→ **DATA SECTION**:
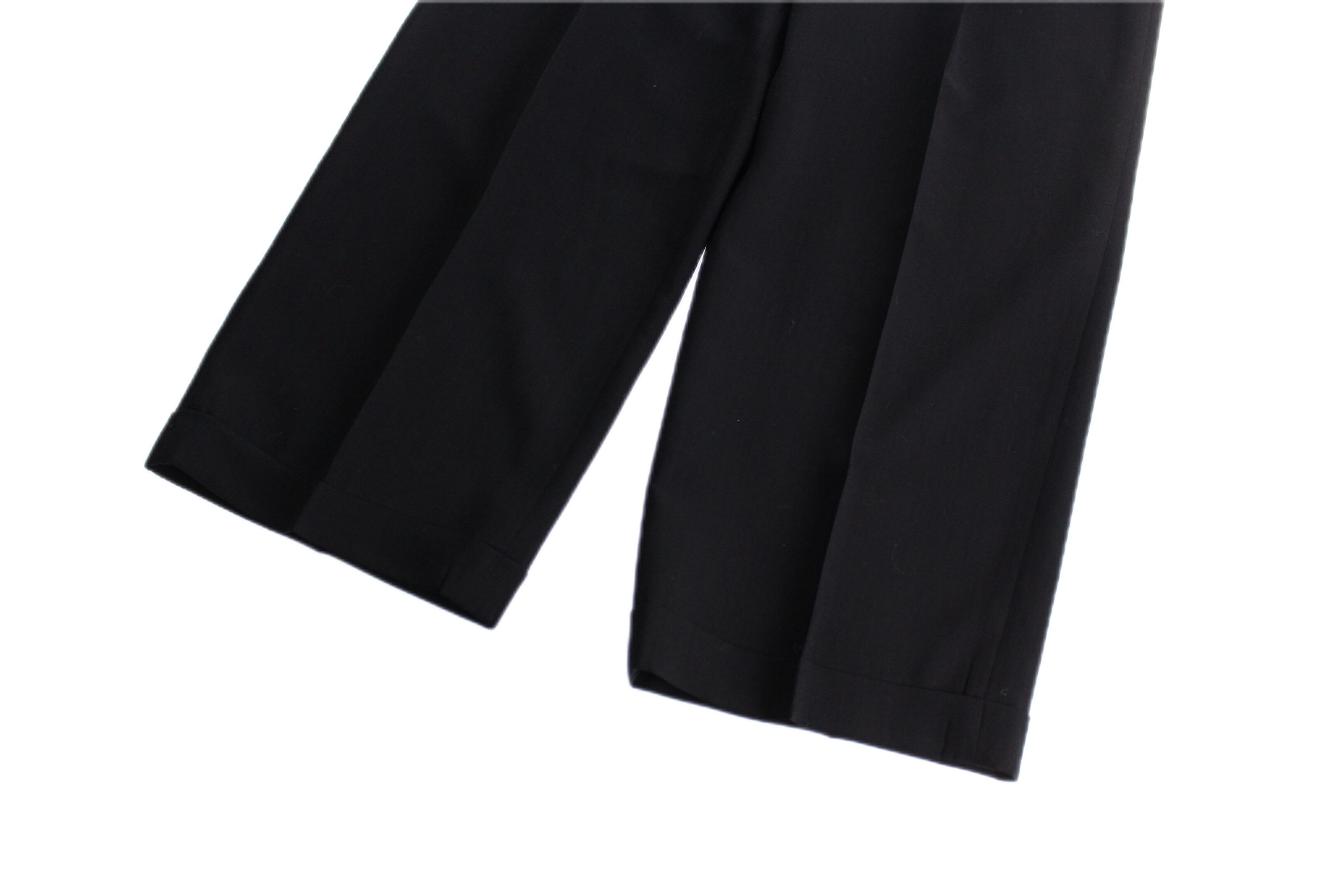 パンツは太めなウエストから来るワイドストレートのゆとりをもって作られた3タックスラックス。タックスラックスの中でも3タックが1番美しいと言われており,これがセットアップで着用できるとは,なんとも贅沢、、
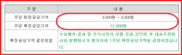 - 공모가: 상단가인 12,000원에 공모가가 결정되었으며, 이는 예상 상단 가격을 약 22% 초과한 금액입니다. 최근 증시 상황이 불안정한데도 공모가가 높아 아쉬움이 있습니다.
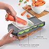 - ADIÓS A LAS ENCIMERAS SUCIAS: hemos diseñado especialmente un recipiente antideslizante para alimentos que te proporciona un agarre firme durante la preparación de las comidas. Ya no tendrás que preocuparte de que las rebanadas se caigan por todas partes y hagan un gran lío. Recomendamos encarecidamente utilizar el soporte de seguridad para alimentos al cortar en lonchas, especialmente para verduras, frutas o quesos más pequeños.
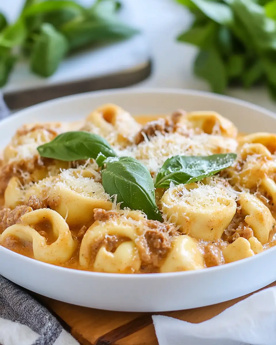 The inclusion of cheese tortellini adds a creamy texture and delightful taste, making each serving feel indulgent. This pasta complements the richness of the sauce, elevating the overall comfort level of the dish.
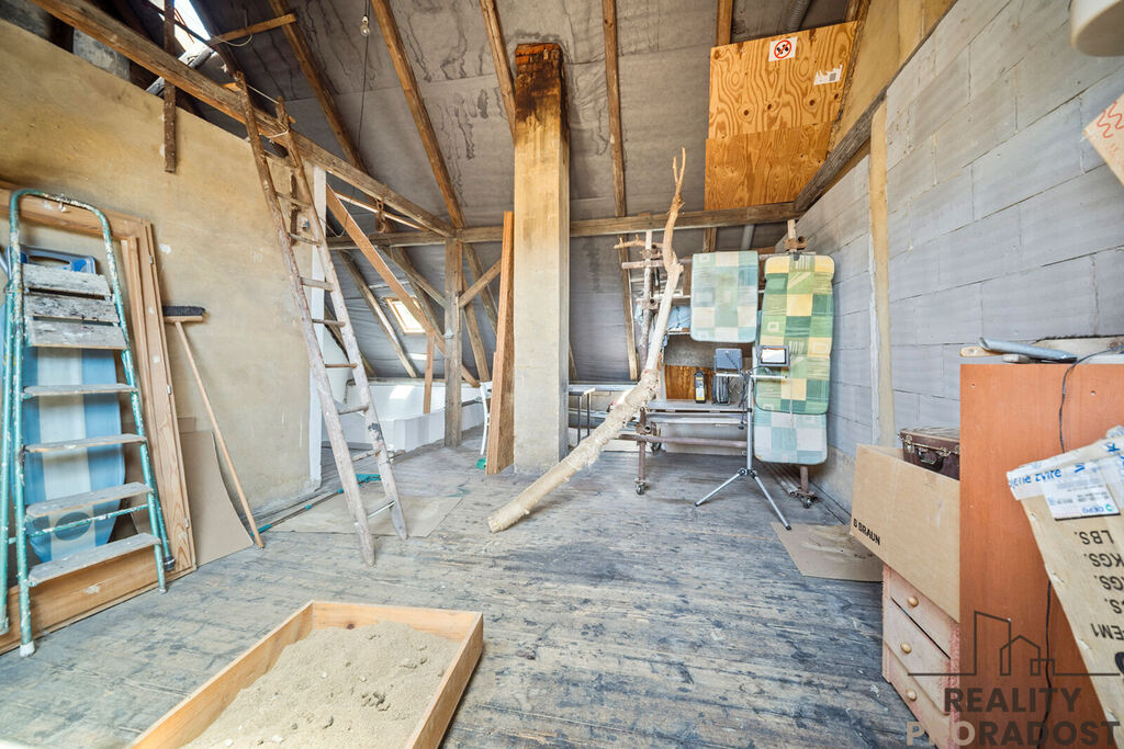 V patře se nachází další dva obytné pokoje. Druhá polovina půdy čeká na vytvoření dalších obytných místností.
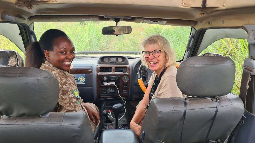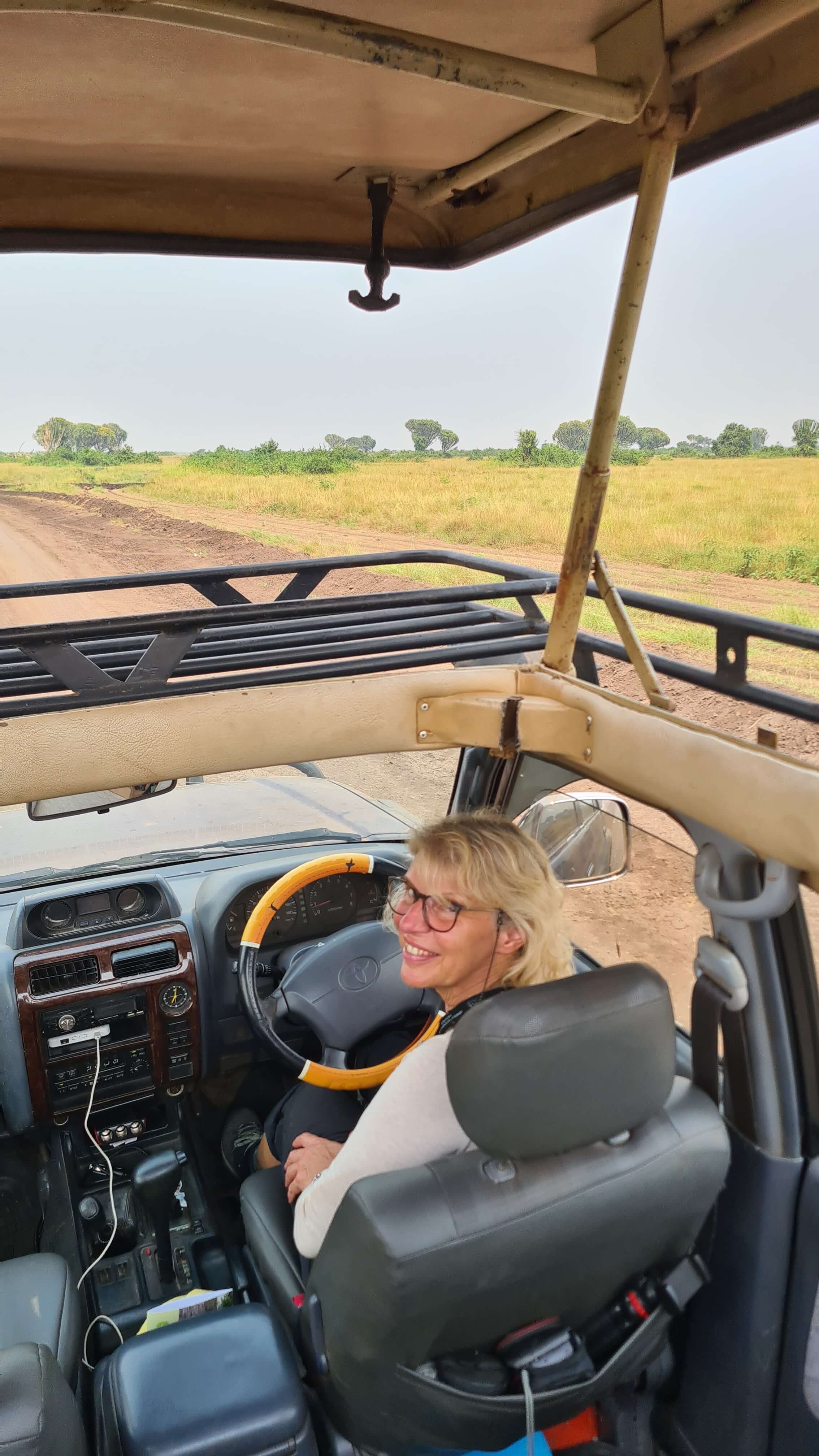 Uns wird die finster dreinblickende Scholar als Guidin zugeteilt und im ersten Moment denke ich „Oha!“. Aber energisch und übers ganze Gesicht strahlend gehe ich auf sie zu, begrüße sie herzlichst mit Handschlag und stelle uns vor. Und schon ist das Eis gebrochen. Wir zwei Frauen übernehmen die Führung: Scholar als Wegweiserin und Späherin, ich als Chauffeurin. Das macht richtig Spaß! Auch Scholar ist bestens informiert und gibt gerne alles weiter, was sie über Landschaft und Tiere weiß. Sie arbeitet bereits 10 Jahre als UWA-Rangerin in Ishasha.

→ **ACTION ITEM**: Would you restate, exactly and with no pictures, the lines of the entries above from the one containing "The inclusion of" through the one containing "V patře se nachází"?

→ **WRITTEN SOLUTION**:
 The inclusion of cheese tortellini adds a creamy texture and delightful taste, making each serving feel indulgent. This pasta complements the richness of the sauce, elevating the overall comfort level of the dish.
 V patře se nachází další dva obytné pokoje. Druhá polovina půdy čeká na vytvoření dalších obytných místností.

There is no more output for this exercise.